Она рассматривает всех этих горе-посетителей. Они приходят к родным. Не оставляют их. Забавно, но Мера уверена — никто не пришел бы к ней. Она бы умерла в одиночестве, как ее древняя бабуля и вряд ли бы кто-то про нее вспомнил.
Невысокий унылый парень, — а они, несомненно, всегда были унылыми в глазах Меры, — привалился в стеночке и рассматривал невероятно увлекательный и, она уверена, необычный вид больничной стены белого цвета. Там тридцать три маленьких трещины, замазанных белой краской и большой плакат, предупреждающий о вреде курения. Он особо потерянным — этот парень, — не выглядит ни капли. Девушка встает со своего места, когда последний родственник получает информацию, и поднимается со своего места.
Наверное, рыжий врач — к беде. Ведь волосы, словно медь и желтое пламя, на белом фоне напоминают разве что кровь.
— Я могу вам как-то помочь?
У Меры голос холодный и ровный, голос такой, какой нужно иметь всем незаинтересованным лицам. Она высокой фигурой становится рядом, ожидая ответа — вблизи черты лица мальчишки становятся знакомыми и Мера пытается себя заставить вспомнить, где она видела такой чуть вздернутый нос и широкие скулы. Хотя... Его лицо довольно таки типично — она встречала многих американцев с похожими чертами. Но память ее все еще работает и Мере не сто лет, чтобы страдать деменцией.
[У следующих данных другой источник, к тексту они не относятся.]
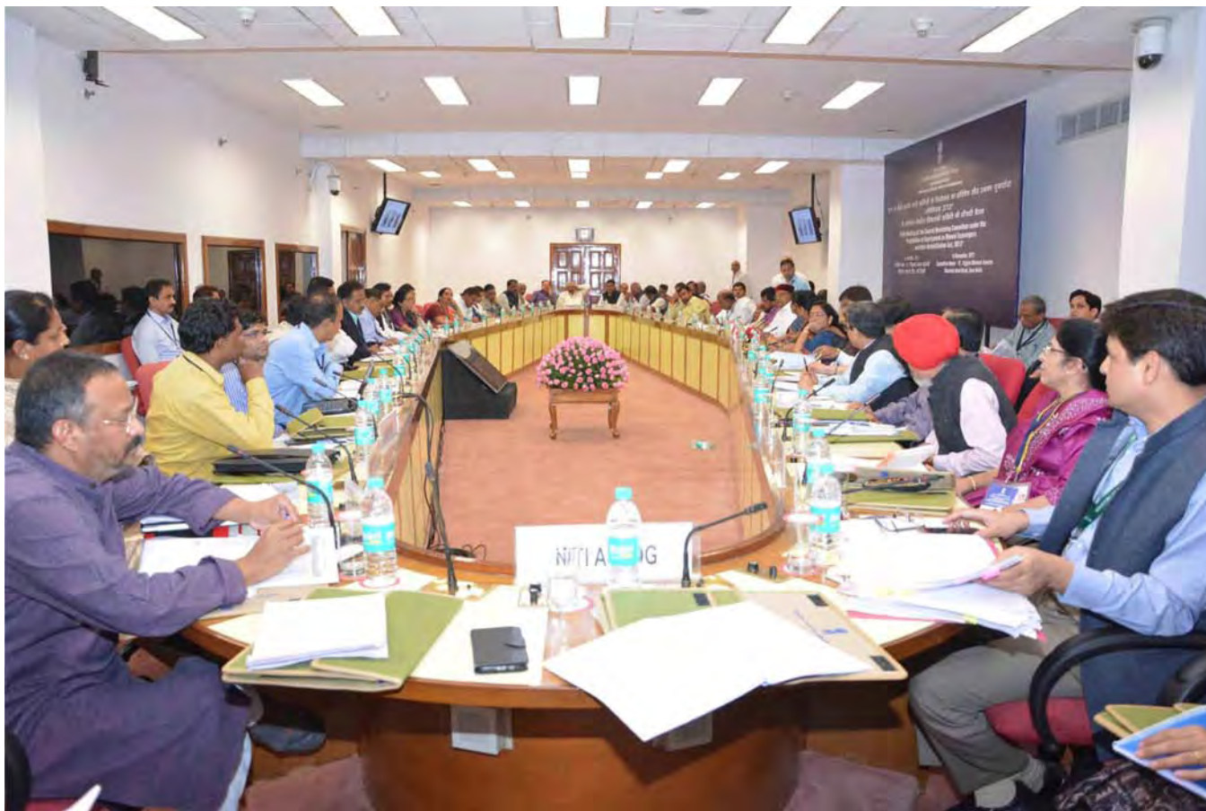
Central Monitoring Committee of MOSJE, in New Delhi on November 14, 2017

Justice and Empowerment in March, 2006. Apart from official members, the Committee has three non-official representatives from amongst Scheduled Castes and Scheduled Tribes, as Members. The Committee has so far held twenty three meetings wherein implementation status of PCR Act and PoA Act in 24 States and 4 Union Territories were reviewed. The last meeting of the Committee was held on 19-12-2016.

Кажется, она его знает. Мера хмурится, ведь имя вертится на языке, но сил, чтобы его вспомнить, она не находит.
Мера вспоминает дворик чужого домика, воспоминает свою бабушку. Она четко помнит смех женщины, что наливает им чай, а ее бабуля, поправляя длинную белоснежную юбку, смеется и просит Мера, сыграй Вивальди. Мера играет, особо не сопротивляясь, и бабушкина скрипка в ее руках кажется слишком старой и неуклюжей. Совсем мелкий мальчишка, кажется, он еще учится в младшей школе — жрет печенье и не довольствуется тем, что его сестра отобрала тарелку с фруктами. Кажется, это было так давно — Мера резко отводит взгляд от парня, пряча его в стене госпиталя.
Они уехали из-за смерти сестры. Она это помнит точно.
— Тебя зовут Тео?
Она без труда резко вспоминает имя — просто воспоминания ей его подкидывают, как подкидывают волны моря на берег всякий мусор.